Addition and/or removal of methyl groups on to the DNA molecules have consequences at the chromatin level. DNA methylation itself can block the binding of proteins and transcription factors locally leading to silencing of gene expression. Yet, recent work shows that CpG methylation of motifs may in some cases increase the binding affinity of some transcription factors, such as CEBPβ (Zhu et al. 2016). Another way DNA methylation contributes to local alterations to chromatin structure is through the recruitment of chromatin modellers: DNMTs themselves can interact with histone modifiers. Protein recruitment can also occur through 5mC and the readers, methyl-CpG-binding domain (MBD) proteins (Hendrich and Bird 1998). The most famous MBD proteins are MBD2 and methyl-CpG-binding protein 2 (MeCP2). All MBDs interact with nucleosome remodelling and histone deacetylase complexes, which leads to gene silencing (Nan et al. 1998).

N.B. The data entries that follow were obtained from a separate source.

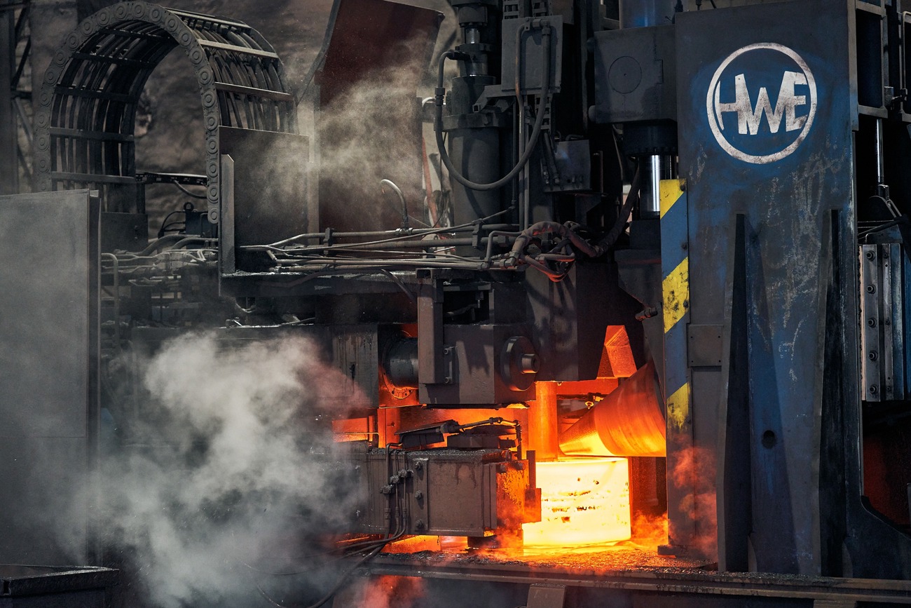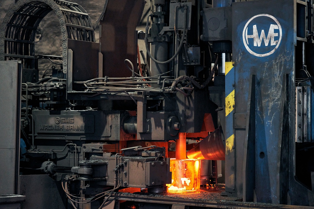Nahtlos, präzise und mit sauberer Oberfläche. Auf unserem Ringwalzwerk, ausgestattet mit modernen Steuerungs- und Messsystemen, werden dreidimensional vorgeschmiedete Lochscheiben zu nahtlosen Ringen gewalzt. Wir walzen radial-axial im offenen Kaliber:
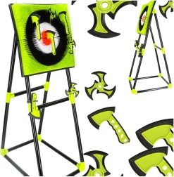 Atraskite veiksmo kupiną taikinių pramogą, įkvėptą ninja pasaulio – su silikoniniais kirvukais ir širikenais vaikai saugiai lavina taikymąsi ir susikaupimą. Tvirtas laisvai stovintis rėmas su stovu leidžia greitai surinkti ir patogiai laikyti priedus.
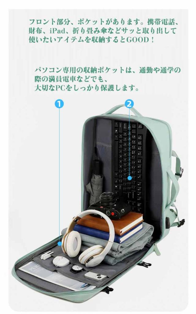 | 2WAY【リュック/手提げ】&USBポート付き、通勤や通学などのデイリーはもちろん、旅行/出張用のバッグとしてもオススメ! 小物とノートPCが入る大容量。書類や雑誌、折り畳み傘、ペットボトル、財布、衣類等普段持ち歩く荷物も楽に収納できます。 フロント部分、ポケットがあります。携帯電話、財布、iPad、折り畳み傘などサッと取り出して使いたいアイテムを収納するとGOOD! パソコン専用の収納ポケットは、通勤や通学の際の満員電車などでも、大切なPCをしっかり保護します。 高品質オックスフォード素材に撥水・防汚加工。水を弾くのに加え、汚れが付きにくいので、突然の雨やうっかりこぼしたコーヒーもサッと一拭きで元通り。 クッション性に優れた生地で肩や背中への負担を軽減。スーツケースに引っ掛けるキャリーオンベルトを搭載しており、出張、旅行での移動ストレスを解消! シンプルで無駄のない洗練されたデザインとカラーバリエーションが魅力! 年齢を問わず、普段使い、ビジネス、通勤、通学はもちろん旅行バッグとしてなどシーンを選ばずに使用できます。 | |
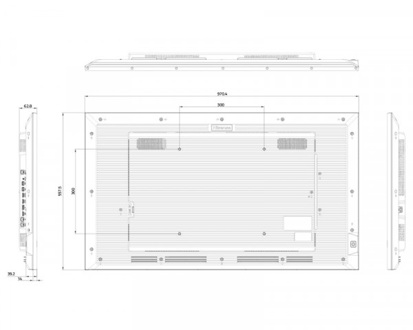 | Montiranje na zid: vesa 300mm x 300mm masa: 8.5kg boja: crna pakovanje: naponski kabl, daljinski upravljač, rs232 kabl, baterije | Montiranje na zid: |
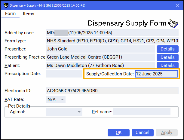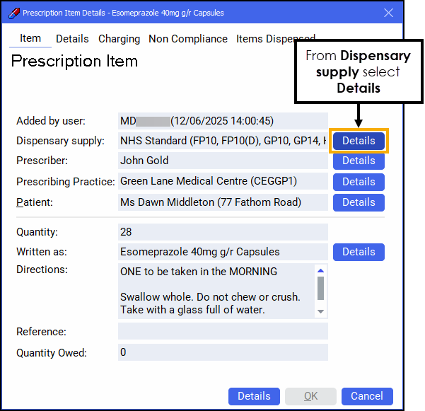 The Prescription Item Details screen displays, from Dispensary supply, select Details to display the Dispensary Supply screen and the Suuply/Collection Date of the item.
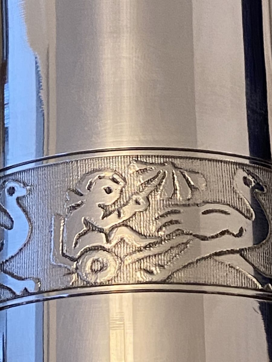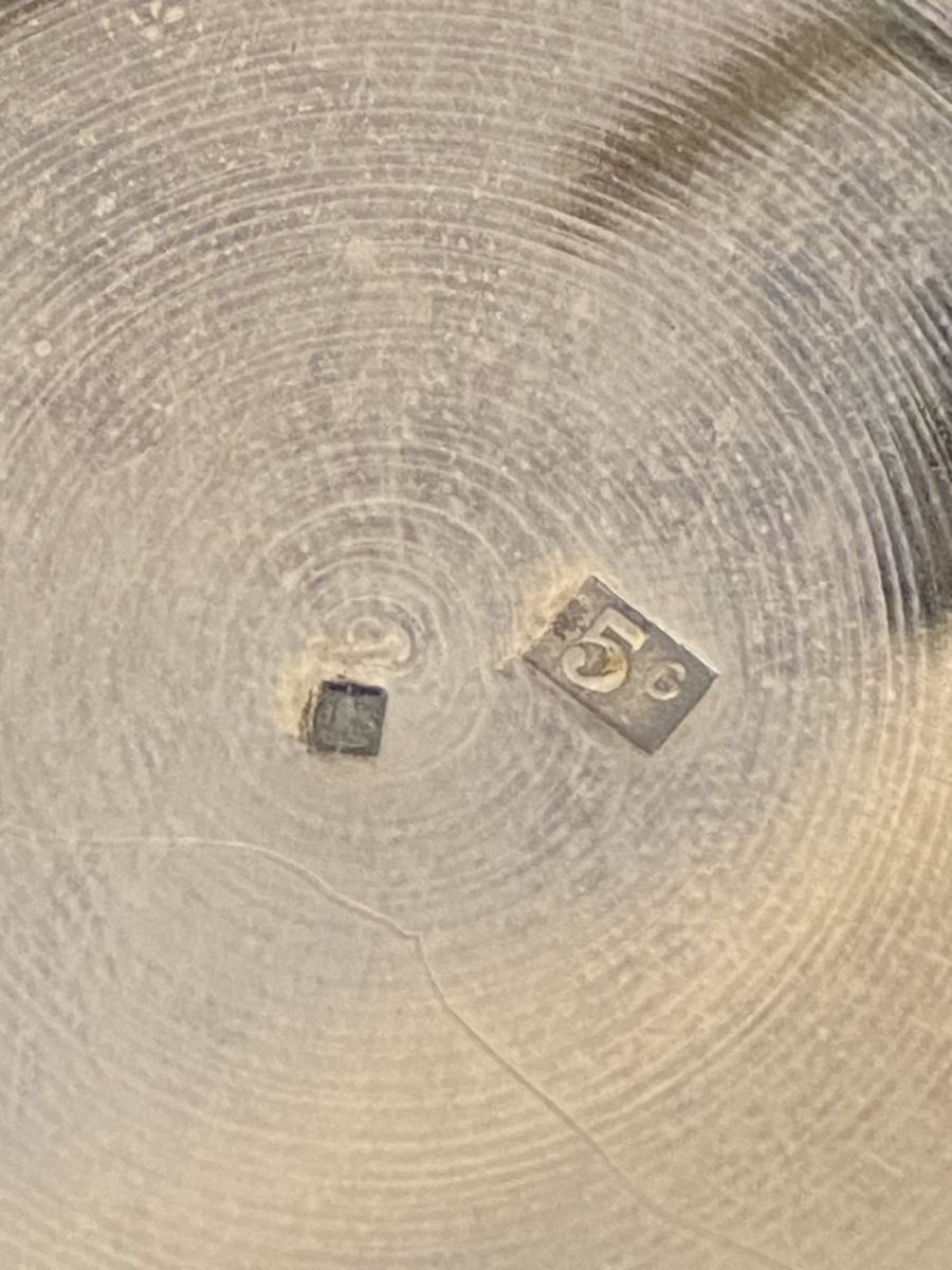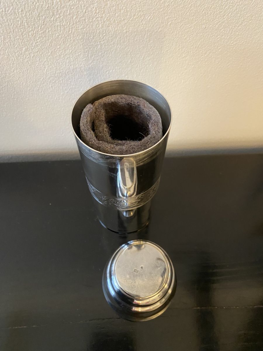 Thermos protège biberon en métal argenté avec Poinçons. Vintage 50/60. Avec une frise de décor au centre. Était offert en cadeau de naissance. Dans son coffret d origine. Plus de photos ou d informations sur simple demande
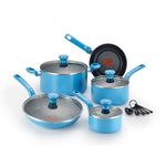 Excite 14-Piece Cookware Set - Blue Turquoise The T-fal Excite 14-Piece Cookware Set features an even base which allows for even heat distribution for reliable cooking results. The non-stick interior is scratch resistant making cooking and cleaning easy. The ergonomically designed and heat resistant handles allow for an easy transition from stove top to oven. ... View Details » |
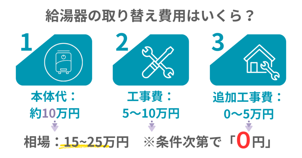 給湯器の取り替え費用は、主に以下の3つで構成されています。
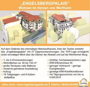 Wertheimer Anzeigenblatt September 2019/November 2019 | “Engelsbergpalais – Wohnen im Herzen von Wertheim” Auf dem Gelände des ehemaligen Mainkaufhauses..Jetzt lesen |
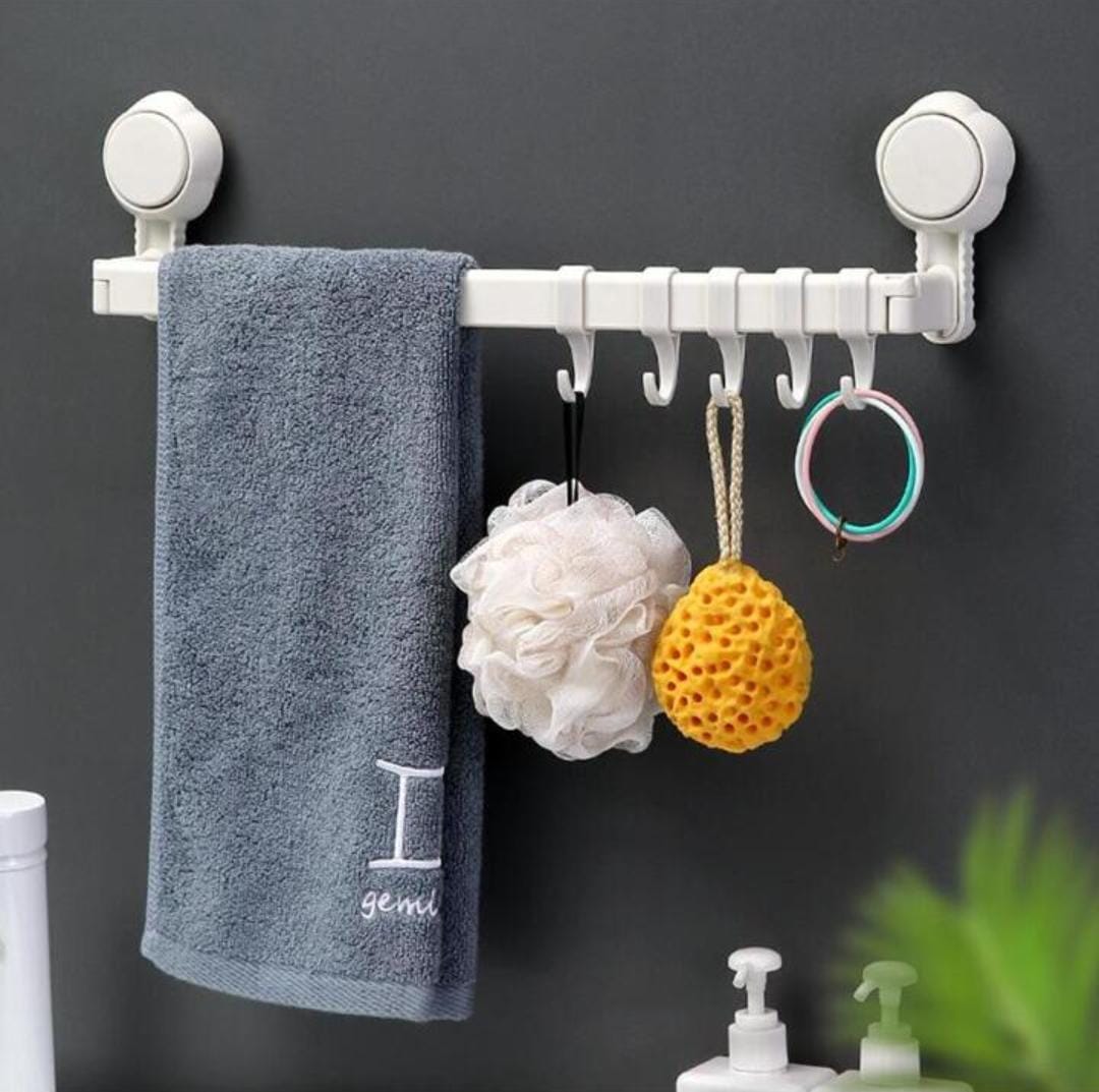 This wall-mounted sucker hanging rod offers convenient storage with a secure, tool-free installation. Designed using suction-based mounting technology, it adheres firmly to smooth surfaces such as tile or glass. The rod includes five hooks for hanging various items and features a design that promotes drainage and air circulation.
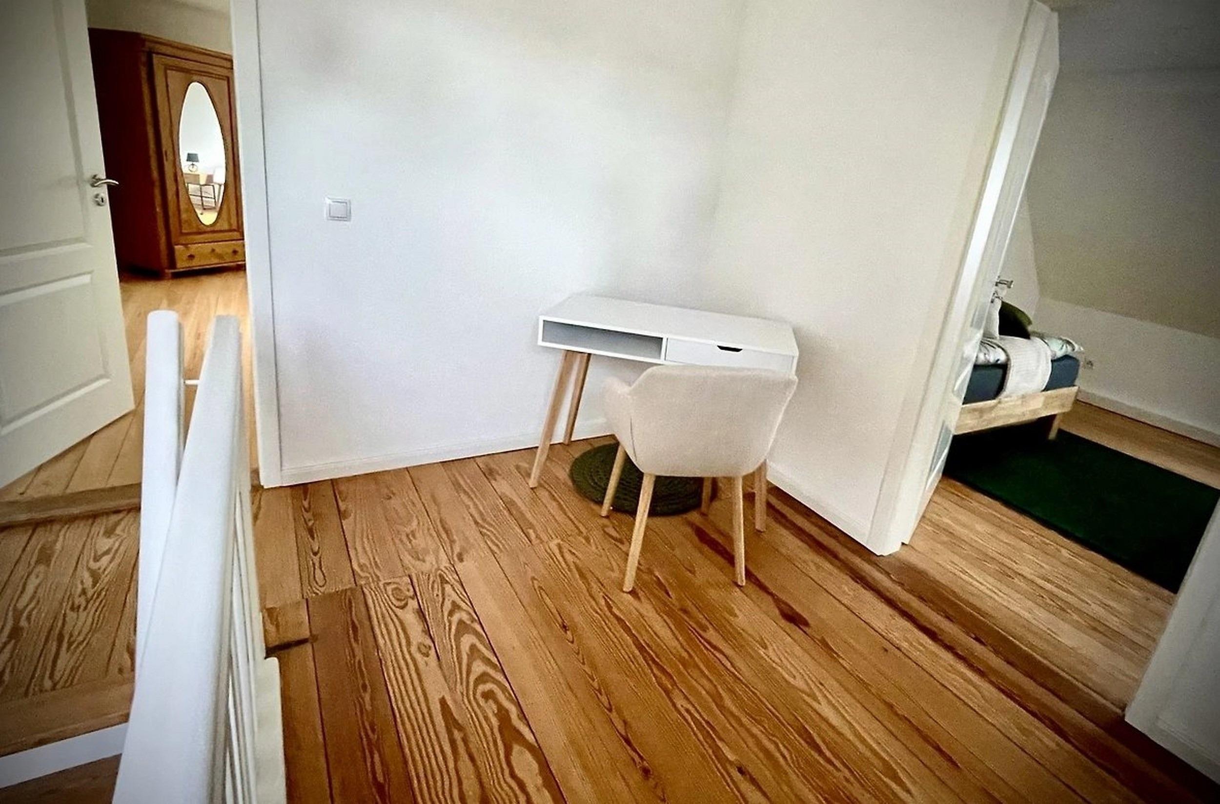 Mit unseren individuell eingerichteten Schlafzimmern im Dachgeschoss bieten wir Ihnen Platz für bis zu 5 Schlafgäste.
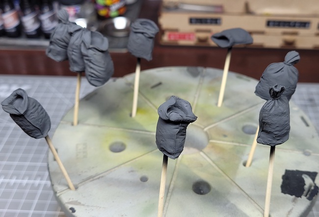 After a bit of cleaning-up of flash on the bags, they were painted Tamiya XF-69 NATO Black followed by a light coating of Tamiya XF-49 Khaki to the outside of the bags.
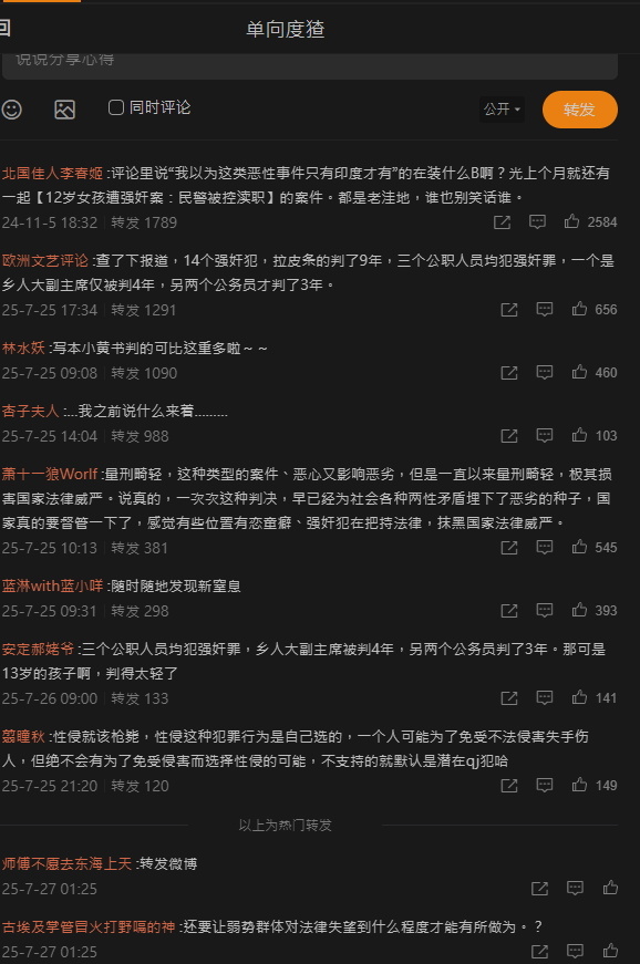 「湖南13岁女孩遭14人性侵,其中包括三名公职人员,分别是油溪乡人大副主席,审计局工作人员,交通局工作人员...不知道的还以为是印度新闻呢」

DNA methylation erasure can either be passive or active. Exclusion of DNMT1 or UHRF1 from the nucleus will impeach maintenance of DNA methylation profiles and lead to a progressive dilution of 5mC across successive generations (Lio and Rao 2019). Conversely, active mechanisms of DNA demethylation involve TET enzymes which oxidise 5mC to 5-hydroxy methyl cytosine (5hmC) which is in turn deaminated to 5-hydroxyuracil (5hU) by activation-induced deaminase (AID). TET enzymes are also capable of successively oxidising 5hmC to 5-formylcytosine and 5-carboxylcytosine (5caC).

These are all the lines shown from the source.